The Cambriano Information Supply Framework 3.0 is the architectural blueprint for the integration of Big Data, Analytics (including Textual Analytics) and Structured Intellectual Capital (Knowledge Management) with Bill Inmon’s definitive Enterprise Data Warehouse architecture and process.
Links to more information about the Data Supply Framework (including 4th generation Data Warehousing) are listed at the end of this article.
In subsequent articles I will be looking at architectural patterns across the DSF 4.0 landscape, including patterns for Big Data and Analytics.
The following diagram illustrates the overall drivers for the Information Supply Framework.
Fig. 1 – DW 3.0 Information Supply Framework
From the right, the consumers and prospective consumers of data and information create the demand for information and data.
The middle process of ‘data processing, enrichment and information creation’ strives to meet the business demands and also ‘provokes’ business demands for data and information.
From the left the data sources provide data to meet real and secondary demands.
As stated previously, this article will focus on ETL architectural patterns as they apply to conventional landscape architecture patterns in Enterprise Data Warehousing (EDW / DW, Data Marts, Operational Data Store) and will not include patterns such as Data Governors or the Analytic Data Store (which I shall cover in later articles).
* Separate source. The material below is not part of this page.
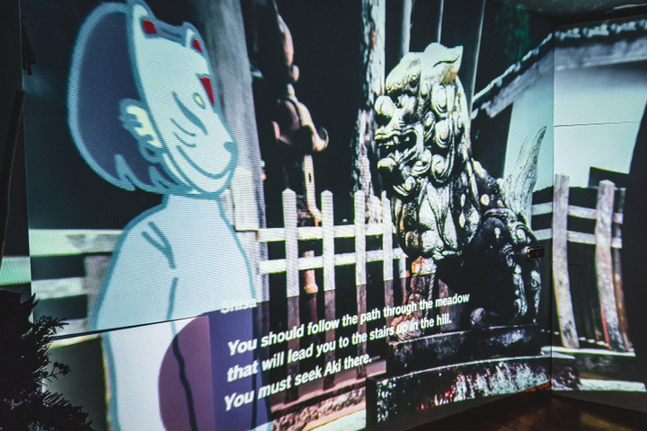 Tsuikyuu Museum offers both, a new form of immersive media production and an audio-visual product. A designed system that offers an interactive story-telling experience where a live-action video with integrated 2D animations is projected into an immersive space. The viewer can be part of the narrative by making their own decisions through an instant messaging mobile application. This new form of experience provides to the user a different vision of audio-visual content that promotes active involvement while making them part of the environment.
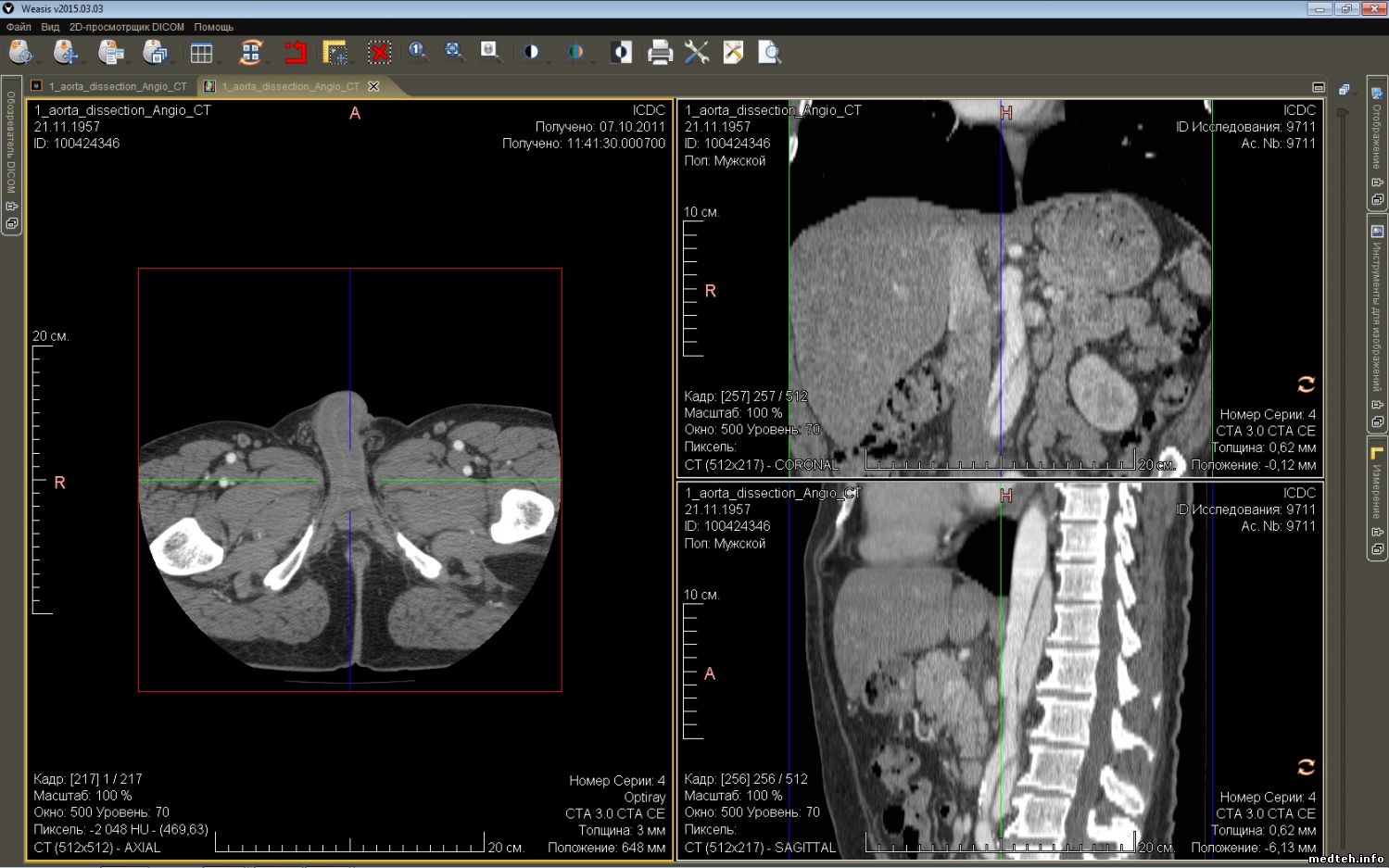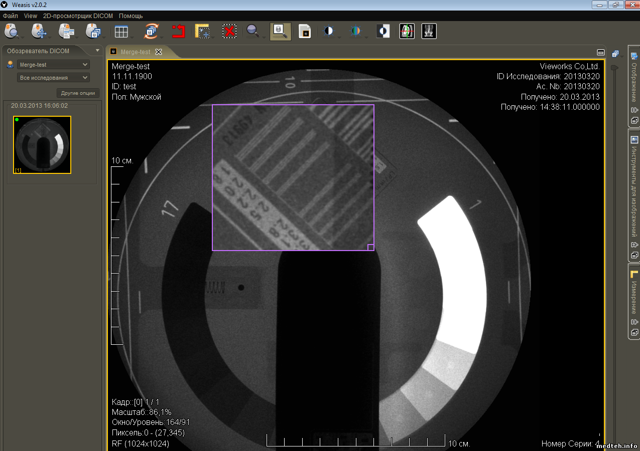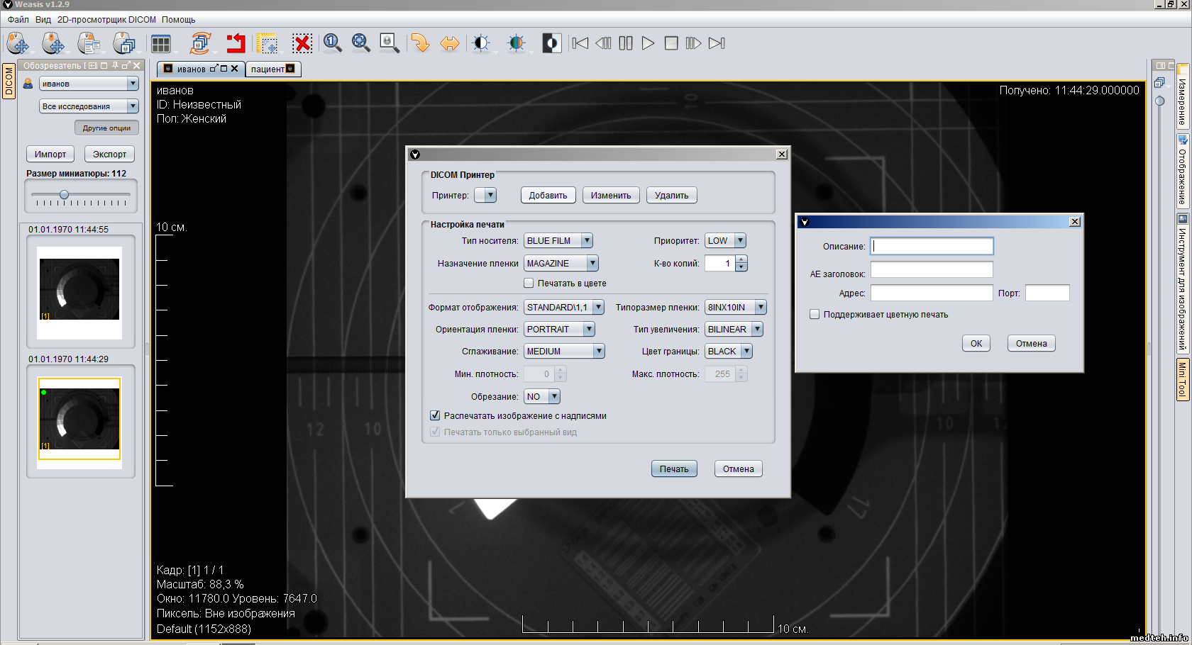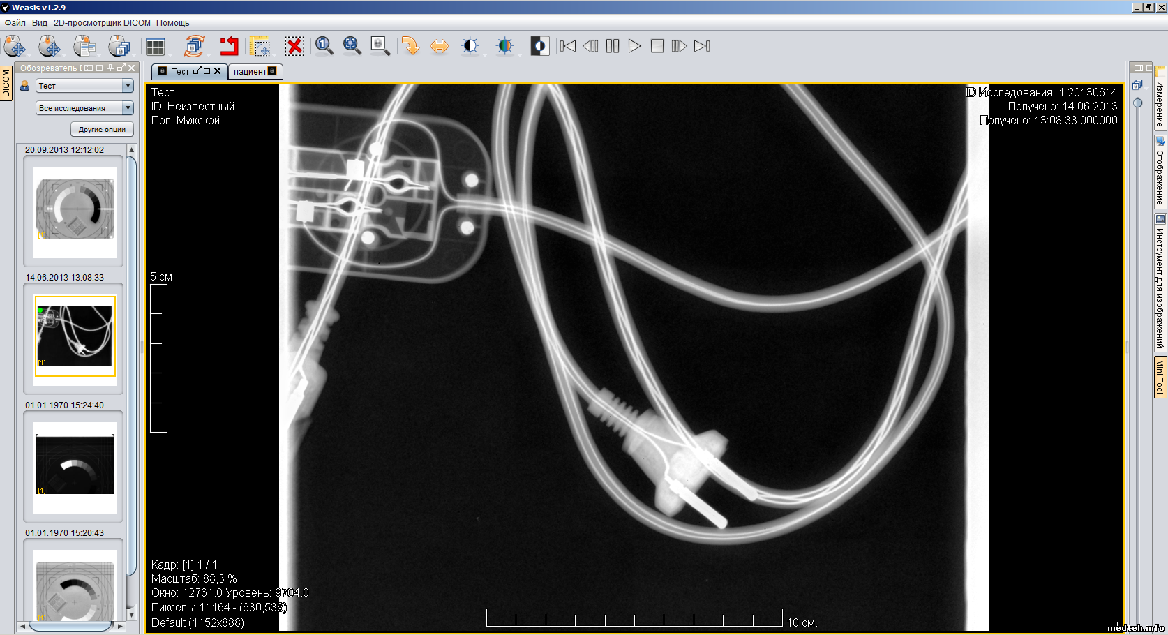 Первые впечатления: weasis работает достаточно шустро, как вьювер вполне хорош. Есть фкункция импорта из файла, но нет функции отправки на сервер. Интерфейс русифицирован. А вот русские буквы в тегах превращаются в бред и точно также отображаются в архиве.

For those unfamiliar with the term ETL, it is the most common form in IT of moving data from a source of data (such as an operational database containing customer information) to a target database (such as one used for reporting). It’s a logistics method for data (it copies data from where it is to where it is needed) and it’s a selection, manufacturing and packaging method (for selecting the data that is needed, enriching the data as needed and delivering the data in a form that can be used).
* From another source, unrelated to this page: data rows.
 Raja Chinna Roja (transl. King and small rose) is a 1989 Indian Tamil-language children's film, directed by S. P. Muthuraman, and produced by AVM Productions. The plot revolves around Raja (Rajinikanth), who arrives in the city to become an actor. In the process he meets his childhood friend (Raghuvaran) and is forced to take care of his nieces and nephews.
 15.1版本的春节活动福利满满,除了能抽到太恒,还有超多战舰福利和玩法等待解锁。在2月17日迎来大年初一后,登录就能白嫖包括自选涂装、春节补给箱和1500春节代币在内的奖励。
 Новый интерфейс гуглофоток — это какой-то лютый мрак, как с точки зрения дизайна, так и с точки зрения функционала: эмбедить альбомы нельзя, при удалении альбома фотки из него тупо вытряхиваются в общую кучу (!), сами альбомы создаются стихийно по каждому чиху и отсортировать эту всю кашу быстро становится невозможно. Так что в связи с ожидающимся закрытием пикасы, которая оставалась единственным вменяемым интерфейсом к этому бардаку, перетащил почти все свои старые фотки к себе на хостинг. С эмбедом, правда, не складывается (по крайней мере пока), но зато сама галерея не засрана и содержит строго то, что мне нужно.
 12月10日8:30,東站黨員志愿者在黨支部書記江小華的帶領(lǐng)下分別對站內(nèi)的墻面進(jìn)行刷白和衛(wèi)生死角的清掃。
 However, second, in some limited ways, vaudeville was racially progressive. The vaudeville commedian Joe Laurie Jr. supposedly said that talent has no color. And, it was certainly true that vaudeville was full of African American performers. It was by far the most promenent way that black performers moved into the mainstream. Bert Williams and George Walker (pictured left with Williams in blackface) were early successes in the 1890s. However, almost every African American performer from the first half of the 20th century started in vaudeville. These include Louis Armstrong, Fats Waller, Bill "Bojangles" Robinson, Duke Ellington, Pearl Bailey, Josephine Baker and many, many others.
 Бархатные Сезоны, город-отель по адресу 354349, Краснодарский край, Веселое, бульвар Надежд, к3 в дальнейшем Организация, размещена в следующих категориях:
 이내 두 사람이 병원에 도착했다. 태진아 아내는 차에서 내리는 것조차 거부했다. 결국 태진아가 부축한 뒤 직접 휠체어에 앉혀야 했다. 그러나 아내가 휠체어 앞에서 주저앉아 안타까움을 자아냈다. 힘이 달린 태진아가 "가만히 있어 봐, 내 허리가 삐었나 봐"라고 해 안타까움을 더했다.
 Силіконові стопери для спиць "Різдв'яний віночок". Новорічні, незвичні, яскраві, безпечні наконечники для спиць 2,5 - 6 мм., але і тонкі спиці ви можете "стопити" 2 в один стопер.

Anyway, the ETL I am focusing on in this article is highlighted (by the green boxes) in the following high-level conceptual view.
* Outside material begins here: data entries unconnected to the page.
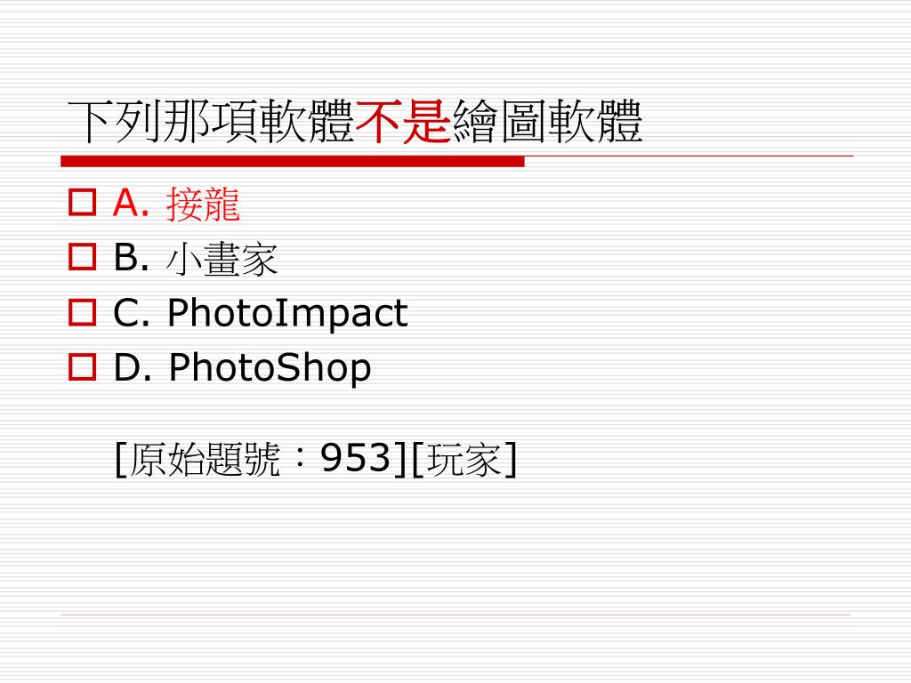 下列那項軟體不是繪圖軟體 • A. 接龍 • B. 小畫家 • C. PhotoImpact • D. PhotoShop[原始題號:953][玩家]
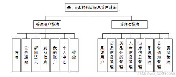 药店信息管理系统我划分为了普通用户管理模块和管理员模块两大部分。
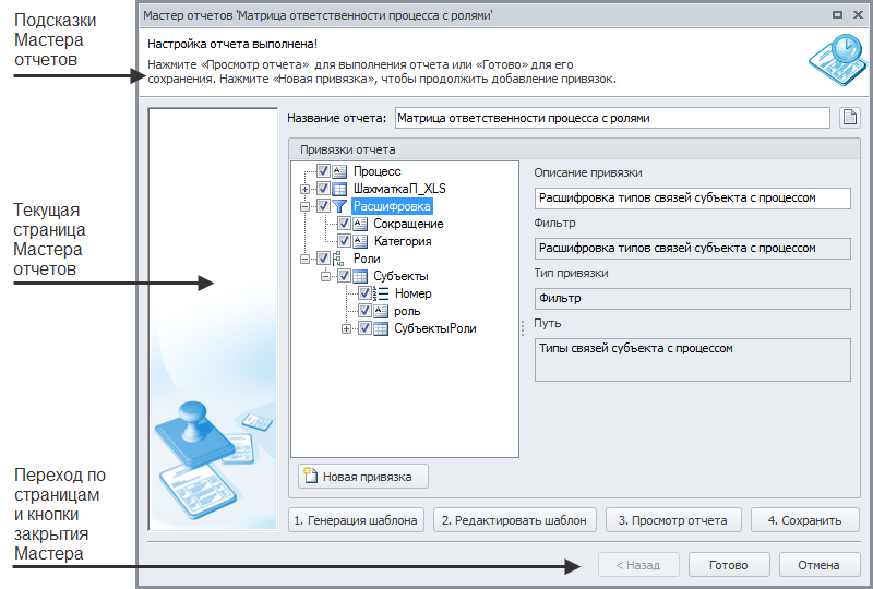 Business Studio изначально разрабатывалась для того, чтобы в простой наглядной форме представлять информацию из моделей для широких кругов заинтересованных лиц: от руководителей и сотрудников до внешних подрядчиков. Для этого Business Studio содержит мощный Мастер отчетов, позволяющий формировать отчеты с использованием всех возможностей форматирования Microsoft Word и поддерживающий сложные выборки данных.
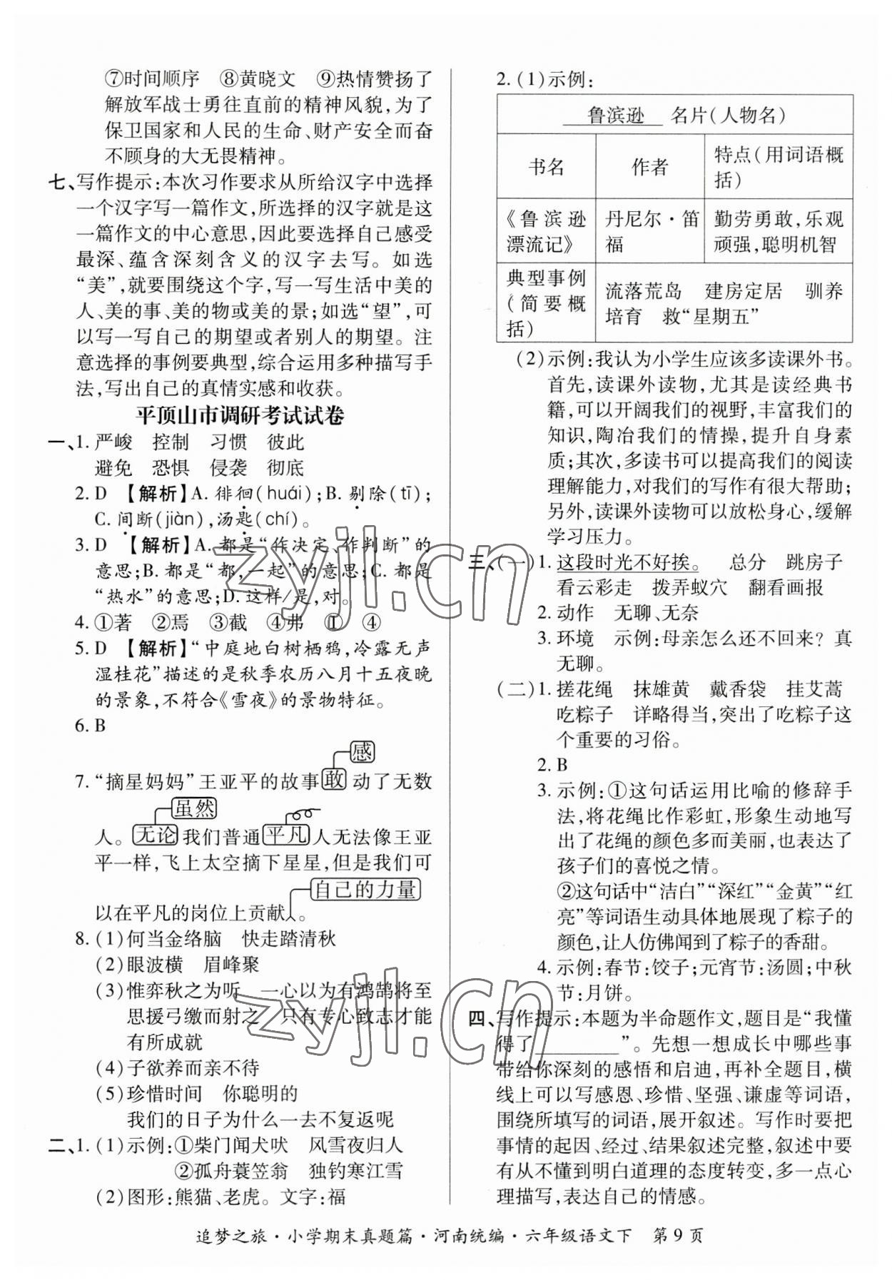 2023年追梦之旅小学期末真题篇六年级语文下册人教版河南专版

Fig. 2 – DW 3.0 Information Supply Framework
Analysis Patterns for ETL
I will not dwell too long on Analysis Patterns for ETL as this requires separate treatment from the discussion of ETL architectural patterns.
Needless to say, the usage of ETL Analysis Patterns should be a constant in Data Warehousing, regardless of whether the patterns used are client specific, industry specific or generic.
Typical analysis patterns cover:
- Structured requirements gathering and knowledge elicitation
- Data steward / platform owner exploration workshops and data provision negotiations
- Comprehensive source to target mapping, including the collection, enrichment and communication of business, management and technical metadata
I will be dealing with these and other pattern areas in subsequent articles.
Why do we use ETL patterns?
Creating reusable code structure and logic is significant in most IT development, and just as important in ETL processes and structures. The modularisation of the ETL process helps avoid unnecessarily rewriting the same tested code, and reduces the total effort required to build and maintain ETL architectures.
ETL patterns can also be used by developers who have little or no idea of what they are doing, but will know enough to be able to drop in a component knowing what that component’s inputs and outputs should notionally be. This is probably why the approach is so popular with offshored project development.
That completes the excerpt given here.